▶ What the task requires: Using the records below, copy exactly the part that opens with the line holding "污泥脫水產(chǎn)生的主" and closes with the line holding "(+) การส่งออกน้ำมันดิบของซาอุดิอาระเบียปรับลดลง ในเดือน", minus the pictures.

▶ Task material:
:::::

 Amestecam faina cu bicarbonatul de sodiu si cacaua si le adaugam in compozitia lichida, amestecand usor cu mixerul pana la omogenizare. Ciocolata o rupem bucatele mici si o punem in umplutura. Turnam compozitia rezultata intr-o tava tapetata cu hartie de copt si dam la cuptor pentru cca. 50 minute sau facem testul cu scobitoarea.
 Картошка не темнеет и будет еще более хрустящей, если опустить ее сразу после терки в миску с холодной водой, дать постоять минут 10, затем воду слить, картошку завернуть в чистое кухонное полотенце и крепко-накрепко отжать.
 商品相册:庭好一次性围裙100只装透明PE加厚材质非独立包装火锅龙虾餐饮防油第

:::::

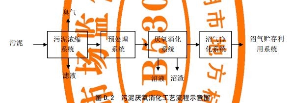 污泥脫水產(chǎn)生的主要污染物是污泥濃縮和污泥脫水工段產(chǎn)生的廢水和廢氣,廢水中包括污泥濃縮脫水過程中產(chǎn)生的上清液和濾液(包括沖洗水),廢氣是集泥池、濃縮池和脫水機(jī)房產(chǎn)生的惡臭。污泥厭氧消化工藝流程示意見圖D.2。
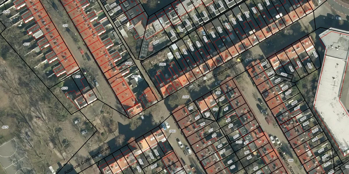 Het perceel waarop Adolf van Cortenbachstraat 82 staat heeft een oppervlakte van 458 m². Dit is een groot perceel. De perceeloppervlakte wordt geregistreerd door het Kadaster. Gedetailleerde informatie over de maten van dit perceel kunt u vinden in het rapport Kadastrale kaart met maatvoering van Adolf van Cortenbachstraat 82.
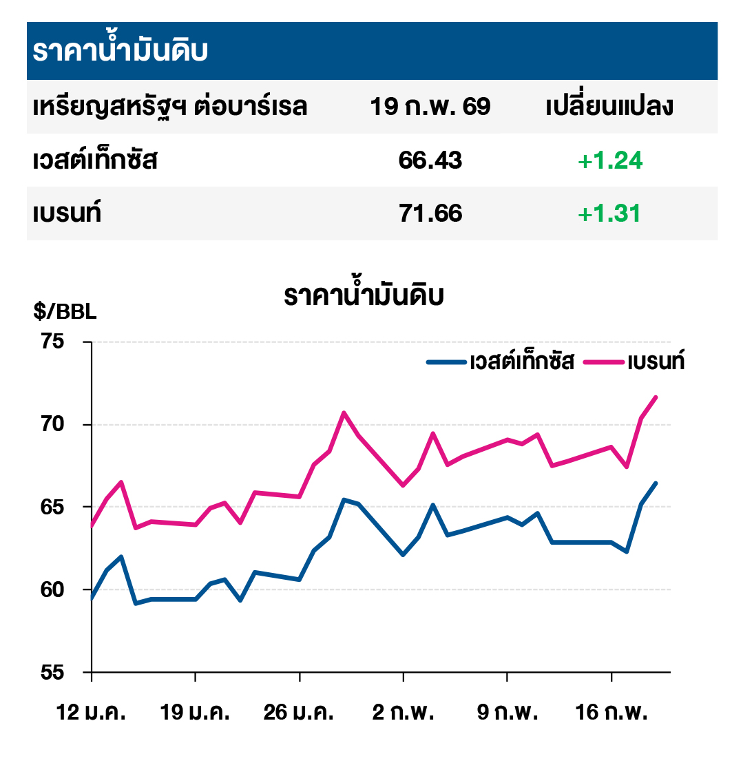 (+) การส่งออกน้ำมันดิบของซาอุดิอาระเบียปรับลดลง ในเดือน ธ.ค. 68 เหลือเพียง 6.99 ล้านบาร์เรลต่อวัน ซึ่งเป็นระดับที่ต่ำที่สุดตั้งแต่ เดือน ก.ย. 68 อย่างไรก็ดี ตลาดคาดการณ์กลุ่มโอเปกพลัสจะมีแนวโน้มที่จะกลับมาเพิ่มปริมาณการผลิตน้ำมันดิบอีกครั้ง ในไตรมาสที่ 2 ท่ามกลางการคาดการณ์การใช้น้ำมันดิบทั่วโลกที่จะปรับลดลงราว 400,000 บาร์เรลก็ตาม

:::::

▶ Response to the task:
 污泥脫水產(chǎn)生的主要污染物是污泥濃縮和污泥脫水工段產(chǎn)生的廢水和廢氣,廢水中包括污泥濃縮脫水過程中產(chǎn)生的上清液和濾液(包括沖洗水),廢氣是集泥池、濃縮池和脫水機(jī)房產(chǎn)生的惡臭。污泥厭氧消化工藝流程示意見圖D.2。
 Het perceel waarop Adolf van Cortenbachstraat 82 staat heeft een oppervlakte van 458 m². Dit is een groot perceel. De perceeloppervlakte wordt geregistreerd door het Kadaster. Gedetailleerde informatie over de maten van dit perceel kunt u vinden in het rapport Kadastrale kaart met maatvoering van Adolf van Cortenbachstraat 82.
 (+) การส่งออกน้ำมันดิบของซาอุดิอาระเบียปรับลดลง ในเดือน ธ.ค. 68 เหลือเพียง 6.99 ล้านบาร์เรลต่อวัน ซึ่งเป็นระดับที่ต่ำที่สุดตั้งแต่ เดือน ก.ย. 68 อย่างไรก็ดี ตลาดคาดการณ์กลุ่มโอเปกพลัสจะมีแนวโน้มที่จะกลับมาเพิ่มปริมาณการผลิตน้ำมันดิบอีกครั้ง ในไตรมาสที่ 2 ท่ามกลางการคาดการณ์การใช้น้ำมันดิบทั่วโลกที่จะปรับลดลงราว 400,000 บาร์เรลก็ตาม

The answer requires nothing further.